Source data —
Start of Block

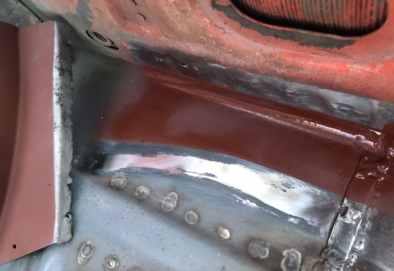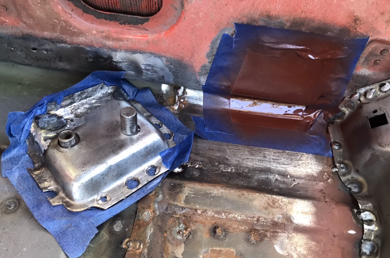 Parking Brake mount went back on today. It was in good enough condition that I recycled it. I sprayed a protective coating on the backside and on the inner long side too:
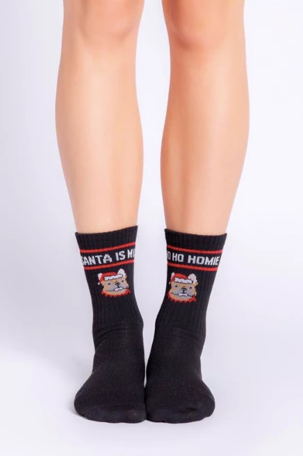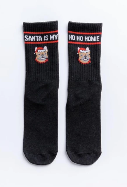 “Santa is my Ho Ho Homie” ribbed socks. These socks are meant to be worn with shoes, and do not have non-skid grippers on sole.
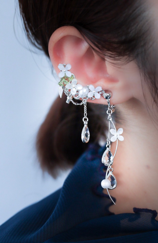 注意事項を読んでいただいてからご購入くださいますようにお願い申し上げます。 -----* 雪月花×銀木犀 *----- イヤカフは右耳専用です。 「月が零す香に、雪が花ひらく夜。」 アシンメトリーの彩りは、 片耳だけにつけても 両耳で合わせても美しく飾れる 唯一無二のアクセサリー 雫のお色 【クリア】 をご用意しています。 アシンメトリーなので、 片耳につけても、両耳につけても、バラバラにつけてもオシャレ。 シャンデリアのような神秘的な美しい輝きを、銀木犀と共に表現致しました。 多方面カットガラスがゆらゆら揺れて上品に、どんなシーンでもおしゃれにつけて頂けます。 光の反射でキラキラと綺麗に艷めく様をお楽しみください。 色味▽ シルバー 金具 サージカルステンレス316Lピアス 痛くなりにくい落ちにくいイヤリング 【注意事項】 *発送までは〜30日ほど頂きます。 ご了承ください。 *一つ一つ心を込めて作っておりますが、ハンドメイド品ですので、完璧を求められる方は購入をお控えください。 *サイズは多少の誤差がある場合があります。 *金具を固定させるため、接着剤+レジンコーティングをしております。 レジン:KIYOHARA レジンアレルギーの方はご購入をお控えください。 *ガラスパーツになりますので、透かした際/台紙がある際/太陽光に当てた時/など、色の見え方がそれぞれ変化します。それも楽しんで頂けましたら幸いです。

End of Block

Starting at the line that contains "grippers on sole.", transcribe every line through the end of the listing exactly, including both end lines and excluding pictures.

 “Santa is my Ho Ho Homie” ribbed socks. These socks are meant to be worn with shoes, and do not have non-skid grippers on sole.
 注意事項を読んでいただいてからご購入くださいますようにお願い申し上げます。 -----* 雪月花×銀木犀 *----- イヤカフは右耳専用です。 「月が零す香に、雪が花ひらく夜。」 アシンメトリーの彩りは、 片耳だけにつけても 両耳で合わせても美しく飾れる 唯一無二のアクセサリー 雫のお色 【クリア】 をご用意しています。 アシンメトリーなので、 片耳につけても、両耳につけても、バラバラにつけてもオシャレ。 シャンデリアのような神秘的な美しい輝きを、銀木犀と共に表現致しました。 多方面カットガラスがゆらゆら揺れて上品に、どんなシーンでもおしゃれにつけて頂けます。 光の反射でキラキラと綺麗に艷めく様をお楽しみください。 色味▽ シルバー 金具 サージカルステンレス316Lピアス 痛くなりにくい落ちにくいイヤリング 【注意事項】 *発送までは〜30日ほど頂きます。 ご了承ください。 *一つ一つ心を込めて作っておりますが、ハンドメイド品ですので、完璧を求められる方は購入をお控えください。 *サイズは多少の誤差がある場合があります。 *金具を固定させるため、接着剤+レジンコーティングをしております。 レジン:KIYOHARA レジンアレルギーの方はご購入をお控えください。 *ガラスパーツになりますので、透かした際/台紙がある際/太陽光に当てた時/など、色の見え方がそれぞれ変化します。それも楽しんで頂けましたら幸いです。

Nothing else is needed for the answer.